Activity: Copy verbatim the block of lines in the entries below whose first line contains "为进一步做好学校2020年广" and whose last line contains "So, if you're". Leave out all other lines.

Study material:
+ + +

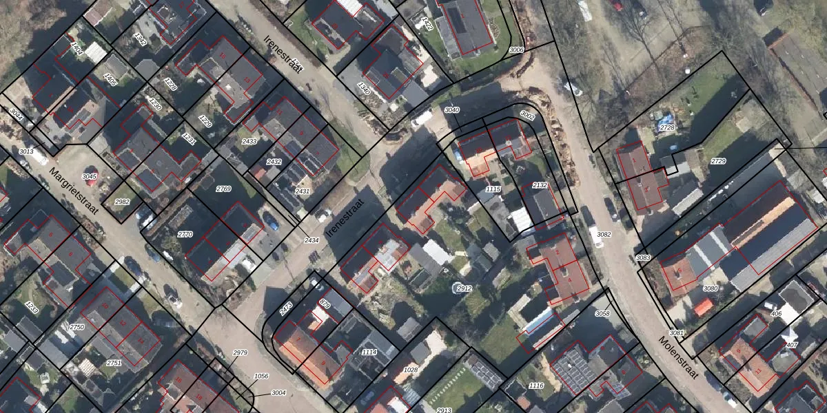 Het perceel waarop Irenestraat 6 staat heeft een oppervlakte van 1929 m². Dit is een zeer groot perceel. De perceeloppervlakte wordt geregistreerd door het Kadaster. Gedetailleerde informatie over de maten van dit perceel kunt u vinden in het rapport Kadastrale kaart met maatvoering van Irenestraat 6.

+ + +

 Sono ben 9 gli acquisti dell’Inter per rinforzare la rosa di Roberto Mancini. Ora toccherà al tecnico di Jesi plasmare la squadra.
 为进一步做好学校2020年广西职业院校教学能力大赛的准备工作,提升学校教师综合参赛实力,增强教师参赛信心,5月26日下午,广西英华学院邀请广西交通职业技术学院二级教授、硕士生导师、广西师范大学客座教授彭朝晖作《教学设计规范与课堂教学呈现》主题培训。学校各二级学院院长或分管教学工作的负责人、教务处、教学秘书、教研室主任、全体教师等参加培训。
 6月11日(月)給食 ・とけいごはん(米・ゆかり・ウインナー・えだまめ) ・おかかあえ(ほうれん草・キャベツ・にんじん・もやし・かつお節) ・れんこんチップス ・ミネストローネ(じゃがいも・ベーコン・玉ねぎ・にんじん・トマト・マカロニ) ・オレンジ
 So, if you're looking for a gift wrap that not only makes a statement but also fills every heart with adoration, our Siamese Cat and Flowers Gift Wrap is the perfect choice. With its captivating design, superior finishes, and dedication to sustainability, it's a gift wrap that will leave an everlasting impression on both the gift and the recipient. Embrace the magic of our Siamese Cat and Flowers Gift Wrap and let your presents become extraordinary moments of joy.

+ + +

Solution:
 为进一步做好学校2020年广西职业院校教学能力大赛的准备工作,提升学校教师综合参赛实力,增强教师参赛信心,5月26日下午,广西英华学院邀请广西交通职业技术学院二级教授、硕士生导师、广西师范大学客座教授彭朝晖作《教学设计规范与课堂教学呈现》主题培训。学校各二级学院院长或分管教学工作的负责人、教务处、教学秘书、教研室主任、全体教师等参加培训。
 6月11日(月)給食 ・とけいごはん(米・ゆかり・ウインナー・えだまめ) ・おかかあえ(ほうれん草・キャベツ・にんじん・もやし・かつお節) ・れんこんチップス ・ミネストローネ(じゃがいも・ベーコン・玉ねぎ・にんじん・トマト・マカロニ) ・オレンジ
 So, if you're looking for a gift wrap that not only makes a statement but also fills every heart with adoration, our Siamese Cat and Flowers Gift Wrap is the perfect choice. With its captivating design, superior finishes, and dedication to sustainability, it's a gift wrap that will leave an everlasting impression on both the gift and the recipient. Embrace the magic of our Siamese Cat and Flowers Gift Wrap and let your presents become extraordinary moments of joy.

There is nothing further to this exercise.